Ponce-Denis Écouchard-Lebrun, dit PINDARE LEBRUN, auteur cité dans le Littré

P. LEBRUN (1729-1807)

Dans le texte d'origine du Littré, les auteurs pouvaient être nommés par de nombreuses variantes. Dans cette version en ligne, la forme P. LEBRUN a été choisie.

122 citations dans le Littré

Œuvres citées dans le dictionnaire Littré

Aucune œuvre identifiée, le travail d'identification des œuvres reste à faire sur cet auteur.

Quelques citations de Ponce-Denis Écouchard-Lebrun, dit PINDARE LEBRUN

Voici un tirage aléatoire parmi ses 122 citations dans le Littré.

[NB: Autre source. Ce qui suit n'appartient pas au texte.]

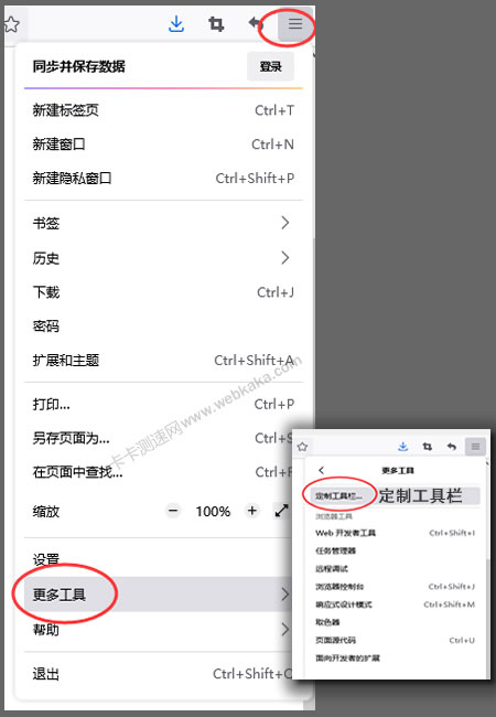 點擊“應(yīng)用程序菜單”-“更多工具”-“定制工具欄”。
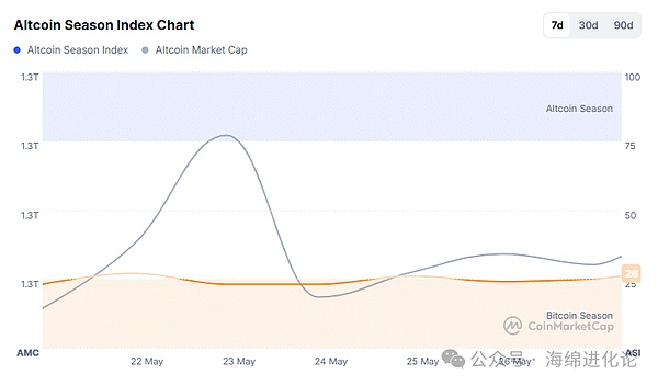 当该指数处于低位(如目前的 26)时,意味着流入山寨币市场的流动性减少,而更多资金流入比特币。这种转变解释了为什么比特币价格持续保持在 10 万美元以上。
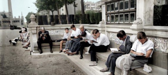 En verano era bastante habitual ver a muchos barceloneses ejercitando el noble arte de la lectura. Al llegar la hora del cierre el mismo empleado recogía los libros, los cerraba en las taquillas donde quedaban depositados todas las noches y hasta el día siguiente.
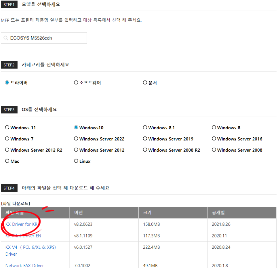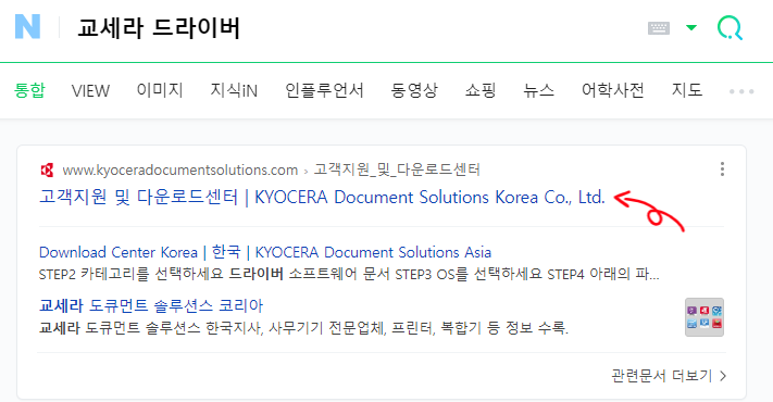 구글이나 네이버에 '교세라 드라이버' 검색하시고 맨위에 웹사이트로 들어가줍니다
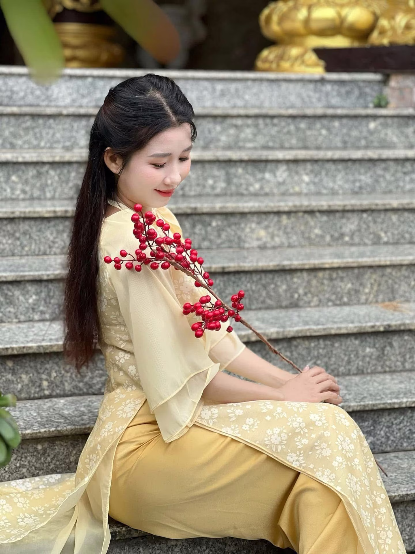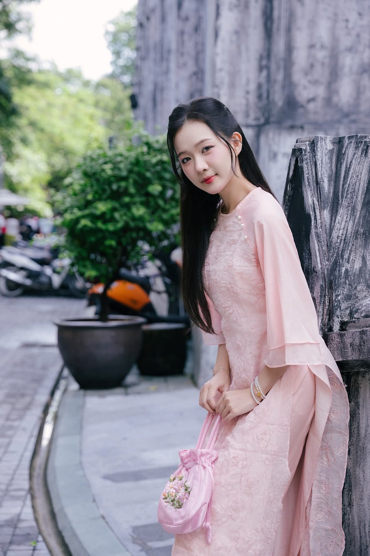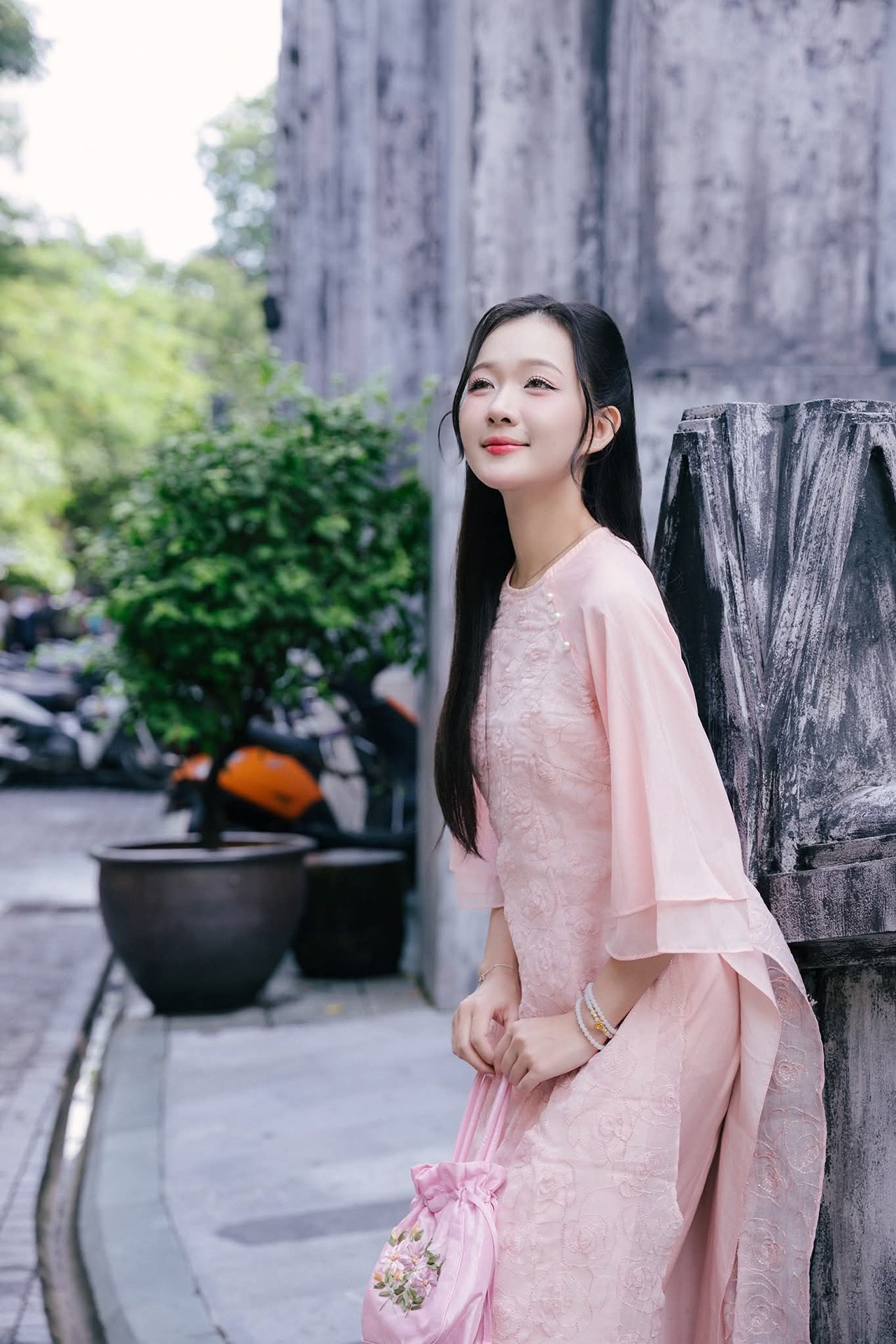This stunning photograph captures the serene grace of a young Vietnamese woman. Dressed in a delicate cream-yellow ao dai, intricately embroidered, she embodies traditional beauty and elegance. The flowing lines of her attire accentuate her graceful figure as she sits gently on ancient stone steps. Her long hair cascades softly, and her gaze is cast downwards, suggesting a moment of peaceful contemplation. A vibrant branch of red berries held delicately in her hand provides a beautiful color contrast, adding a touch of freshness and vitality to the scene. This image is more than just a snapshot; it tells a story of Vietnamese soulfulness, a harmonious blend of human beauty and traditional surroundings, evoking feelings of purity and gentleness.XVG No.24: Discover the Graceful Beauty of a Young Woman in Pink by Hoan Kiem Lake
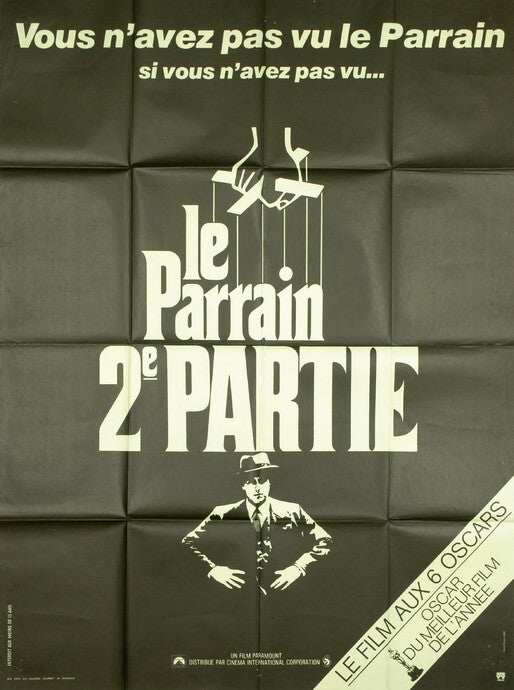 Grande affiche française du film mythique « Le Parrain II », de Francis Ford Coppola, avec Al Pacino et Robert de Niro . Elle date de la première sortie française en salles, en 1974.
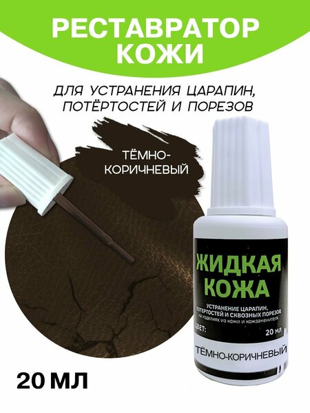 Кожа жидкая Liquid Leather темно-коричневая Resmat во флаконе объемом 20 мл, в комплекте с кисточкой для нанесения. Внимание, на второй фотографии данной карточки товара и видео показан реальный «живой» темно-коричневый цвет этой кожи. Всю цветовую палитру кожи можно увидеть внутри магазина, кликнув на логотип или ссылку «все товары», далее категория хозяйственные товары, восстановители кожи. Относится к средствам по уходу за одеждой, обувью и мебелью, предназначена для ремонта, восстановления и устранения царапин, потертостей, трещин, порезов, прожогов на изделиях из кожи и кожзаменителей. Профессиональная крем-кожа может склеить края порезов, закрасить потертости, убрать следы от кошачьих когтей. Превосходно проникает в материал, после высыхания и полимеризации не расслаивается, при сжатии восстанавливает исходную форму, обладает водоотталкивающим эффектом, имеет полуглянцевый блеск. Перед применением флакон необходимо тщательно взболтать. В зависимости от сложности и вида повреждения наносить в несколько слоев, предварительно дождавшись высыхания предыдущего слоя 20 минут, постепенно заполняя дефекты. Пока средство не высохло, излишки можно убрать влажной тряпочкой или салфеткой. Полное высыхание через 24 часа. В основе средства водно-полимерный раствор, поэтому при загустевании можно разбавить водой, но не более 10% от общей массы. Также в составе модифицирующие добавки, воски, красящие пигменты, силикон. Морозоустойчивая, влагостойкая, удобно наносить кисточкой, губкой, ватной палочкой, не пачкается и не растекается. Поставляется во флаконе 20 мл, блистерной упаковки нет. Размер флакона 7,5 х 3 х 3 см, вес 35 г. Инструкция по нанесению указана на флаконе и инструкции вкладыше. Можно колеровать и смешивать с другими цветами этой фирмы. Обратите внимание, что из-за индивидуальных настроек вашего экрана цвет продукта на втором фото может незначительно отличаться от истинного. Сделано в России.
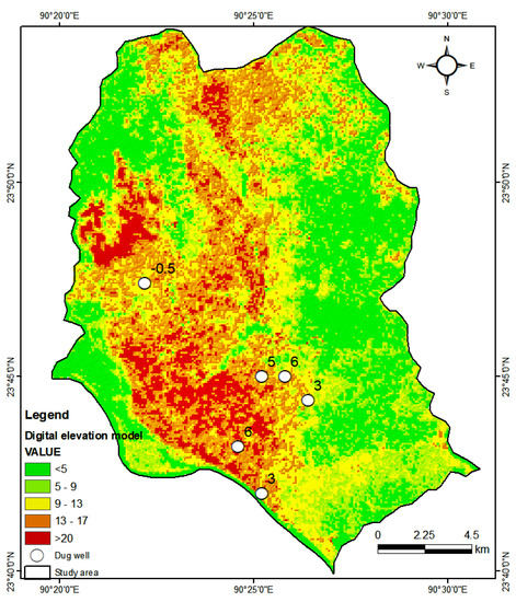 The surface geology mainly follows the geomorphic expression of the area (Figure 4b) and is classified into four broad categories: Madhupur Clay residuum, Alluvium silt and clay, Alluvium silt, and Marshy peat and clay. From a geological and geomorphological perspective, the city mainly covers two broad geomorphological units. One is high lands, which correspond to Madhupur terrace, and the other is lowlands, which correspond to alluvial deposits, mainly comprising swamp or depression, back swamp, channel bar, flood plain and valley fill units [68,69]. The relatively flat topography also perfectly resembles the geomorphic features of the area. The western part is marked by an abrupt change in elevation, whereas relatively gentle slopes are maintained in the eastern part. The surface elevation of gullies, valleys and bars is somewhat higher (>9 m) in the southwestern and northeastern parts than in the floodplain, depressions and abandoned channels, but the undulating topography was mainly created or developed by the rivers Buriganga, Balu and Turag. The general slope of the land surface is from north to south, more specifically towards the southeast, in which ground surfaces merge with the Recent floodplain of the rivers Buriganga, Balu and Shitalakhay. The elevation differences are remarkably reflected by distinct landforms: a high elevation is observed in the Madhupur terraces region, normally ranging from 15 m to >20 m above mean sea level (amsl), and a low elevation (<5 m amsl) is observed in the floodplain, depressions and abandoned channels (Figure 5a).
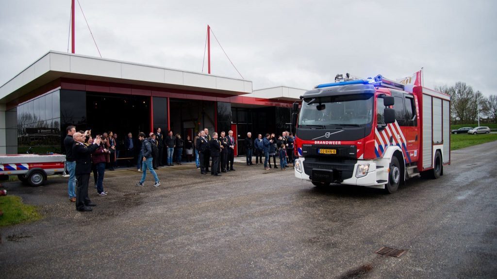Van het ‘oude’ blusvoertuig werd symbolisch afscheid genomen door deze weg te rijden en hiermee plaats te maken voor het nieuwe voertuig.
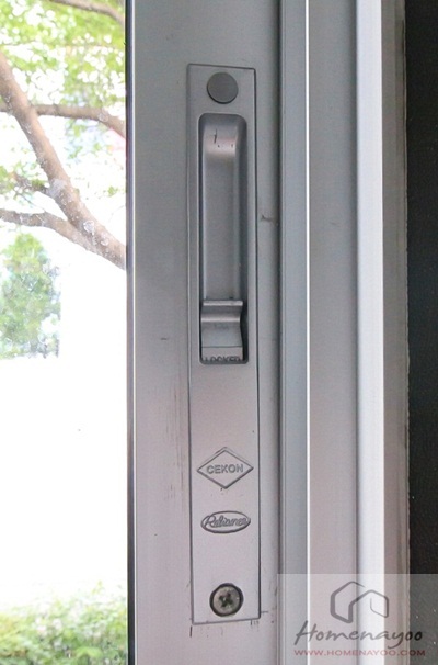 ประตูบานเลื่อนอลูมิเนียมวางบนธรณีก่อกันน้ำสาดสูงประมาณ 10 ซม.
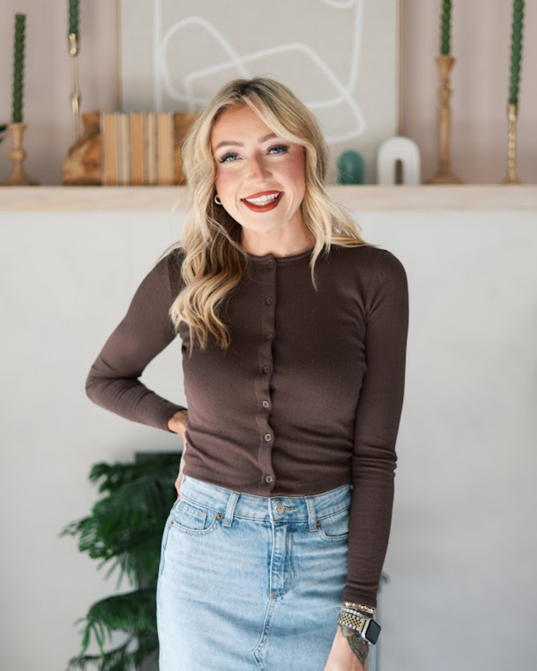 Outside the salon, you’ll find her enjoying time outdoors, traveling, floral arranging, hunting for vintage fashion finds, or relaxing with her family. Her personal style is best described as eclectic—she’s drawn to western vintage vibes but loves a good athleisure look when she’s off the clock.
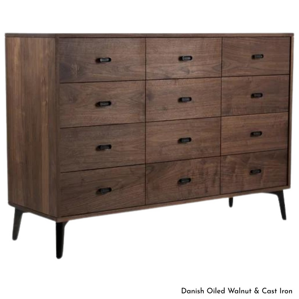 | Material Notes | Natural colour and grain variations in every plank make each piece an individual. Traditional wood joinery bonded with wood glue ensures structural integrity. All finishes are non-toxic and applied by hand, sprayed or rubbed. Each drawer face made from a single plank of timber. Drawer interiors are made from basswood, a blond timber with outstanding stability in varying climates, ensuring a smooth-running function. Drawers are detailed with dovetail joinery and a soft-close mechanism. Drawer handles and legs made with cast iron. |
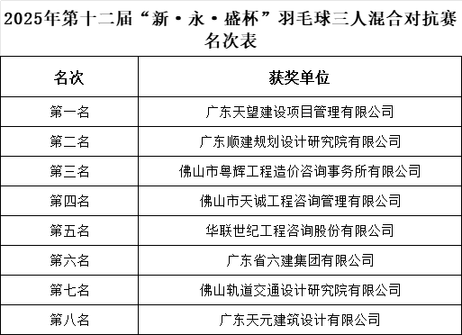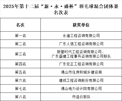 “新·永·盛杯”羽毛球團(tuán)體賽圓滿落幕,工程咨詢業(yè)活力綻放
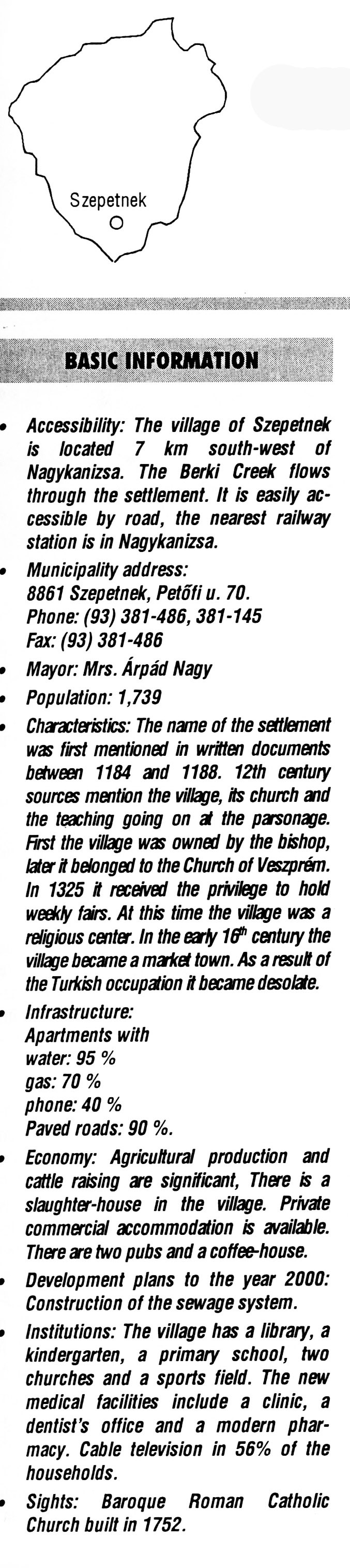 Nyilvános 1996 | 5488 | Szepetnek | BASIC INFORMATION Accessibility: The village of Szepetnek is located 7 km south-west of Nagykanizsa. The Berki Creek flows through the settlement. It is easily accessible by road, the nearest railway station is in Nagykanizsa. Municipality address: 8861 Szepetnek, Petőfi u. 70. Phone: (93) 381-486, 381-145 Fax: (93) 381-486 Mayor: Mrs. Árpád Nagy Population: 1,739 Characteristics: The name of the settlement was first mentioned in written documents between 1184 and 1188. 12th century sources mention the village, its church and the teaching going on at the parsonage. First the village was owned by the bishop, later it belonged to the Church of Veszprém. In 1325 it received the privilege to hold weekly fairs. At this time the village was a religious center. In the early 16th century the village became a market town. As a result of the Turkish occupation it became desolate. Infrastructure: Apartments with water: 95 % gas: 70 % phone: 40 % Paved roads: 90 %. Economy: Agricultural production and cattle raising are significant, There is a slaughter-house in the village. Private commercial accommodation is available. There are two pubs and a coffee-house. Development plans to the year 2000: Construction of the sewage system. Institutions: The village has a library, a kindergarten, a primary school, two churches and a sports field. The new medical facilities include a clinic, a dentist\'s office and a modern pharmacy. Cable television in 56% of the households. Sights: Baroque Roman Catholic Church built in 1752. This text came from the following book: Title: Handbook of Zala county (Zala megye kézikönyve) Series: County handbooks of Hungary (Magyarország megyei kézikönyvei) Chief editor: Hóbor József Publisher: (Hatvan), CEBA-Hungary Ltd, 1998 ETO: 908.439.121(035) ; 050.8(439.121) ISBN: 963-9089-18-2 Pages: 488-1040 p. Remark: Closed on: 1998. márc. 31. |
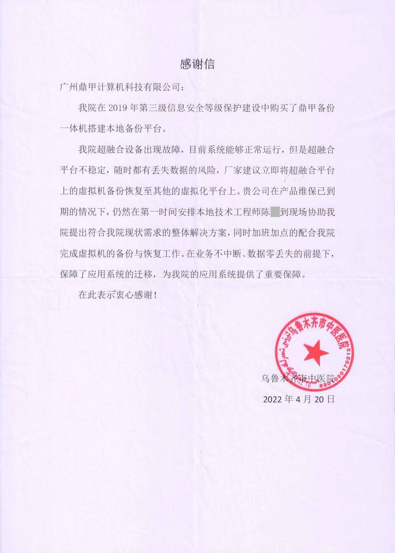 數據零丟失,鼎甲說到做到,喜獲烏魯木齊市中醫醫院感謝信!
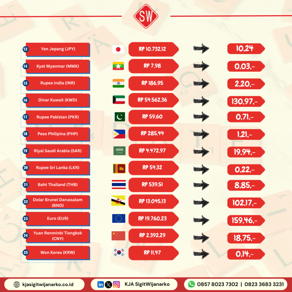 Dalam ketentuan ini, tercantum mata uang asing yang kursnya akan digunakan, termasuk dolar AS, dolar Australia, dolar Kanada, euro, yuan, rupiah, dan mata uang lainnya yang berlaku. Hal ini memberikan kejelasan bagi pelaku usaha, importir, eksportir, serta pejabat bea cukai terkait aspek administrasi dan keuangan saat melakukan pungutan maupun pembayaran. Penetapan ini juga sejalan dengan berbagai dasar hukum, seperti Undang-Undang Nomor 7 Tahun 1983 tentang Pajak Penghasilan dan Undang-Undang Nomor 8 Tahun 1983 tentang Pajak Pertambahan Nilai Barang dan Jasa, yang mengatur ketentuan perpajakan terkait nilai tukar mata uang asing.

  1. Si le ciel était juste, indigne souveraine, Vous seriez à mes pieds, et je suis votre reine.
    Mar. Stuart, III, 4 (pied)
  2. On dirait qu'à ces lieux ta vue accoutumée Les connaît autrement que par la renommée ; Tout à l'heure tes pas des miens étaient suivis ; Je t'observais surtout dans ce prochain parvis Où des rois mes aïeux les armes sont rangées.
    Ulysse, III, 2 (parvis)
  3. Le jour voyait la reine [Pénélope] entretenir l'ouvrage Dont la fin promettait celle de son veuvage ; Et la secrète nuit détruisait à son tour Ce que devait en vain recommencer le jour.
    Ulysse, II, 2 (veuvage)
  4. Ramenés par Marie au temps de nos ancêtres, Verrons-nous revenir la puissance des prêtres ?
    Marie St. IV, 7 (prêtre)
  5. Comme on voit sommeiller cette pâle statue Qui montre, en nos jardins, Ariane abattue Posant sur un bras faible un front décoloré.
    Voy. de Grèce, II, 3 (sommeiller)
  6. Sanche, prêt à verser son sang pour te défendre, Était donc loin de toi, ne pouvait donc t'entendre ?
    le Cid d'And. IV, 3 (verser)
  7. Il faudra donc quitter ce beau rivage, Pour m'en aller aux bords oblivieux, Terme éternel d'un rapide voyage.
    Poés. t. I, 16 (oblivieux, euse)
  8. Les dieux à sa vertu mesuraient sa puissance.
    Ulysse, II, 3 (puissance)
  9. De quelque raïa solitaire, De quelque vendangeur voisin L'âne en passant s'y désaltère [dans la fontaine de Castalie], Successeur du coursier divin.
    Poés. t. II, p. 19 (raïa)
  10. Je tressaille, en songeant aux paisibles soirées Sous les regards du maître aux devoirs consacrées, Quand, devant le pupitre en silence inclinés, Nous n'entendions parfois, de ce calme étonnés, Que, d'instant en instant, quelques pages froissées, Ou l'insensible bruit des plumes empressées.
    Bonh. de l'étude (plume)
  11. Savez-vous… Qu'il n'est pas de complot d'ombres environné Que son œil pénétrant n'ait d'abord deviné ?
    Mar. Stuart, II, 3 (pénétrant, ante)
  12. Vous ne connaissez pas, ignorez-le toujours, Quelles séductions habitent dans les cours.
    Marie St. II, 2 (séduction)
  13. La voix du tonnerre lointain.
    Voy. de Grèce, III, 1 (tonnerre)
  14. Près de leur nid, des vives hirondelles J'entends déjà les matinales voix.
    Poés. t. I, 17 (voix)
  15. Saisir… Comme un rapide éclair un bonheur de passage.
    le Cid d'Andal. II, 3 (passage)
  16. Je sais vos noms, Louis, François, George, Alexandre, Guillaume ! et les proclame afin que l'avenir Pour la honte ou la gloire en garde souvenir.
    Voy. de Grèce, VII, 5 (proclamer)
  17. Les nochers du Bosphore ont vu dans les nuages Le vaisseau merveilleux, précurseur des naufrages.
    Voy. de Grèce, v, 4 (vaisseau)
  18. Qui donne, se rend maître ; et qui reçoit, se livre ; Les princes, non contents des hommes nés pour eux, Ont des piéges aussi pour les cœurs généreux.
    le Cid d'And. II, 2 (piége)
  19. Tout ce qui doit finir est de peu de durée.
    Poésies, t. I, p. 28 (peu)
  20. Dans ce dernier adieu ne va pas m'attendrir ; Et sache voir du moins ce que je sais souffrir.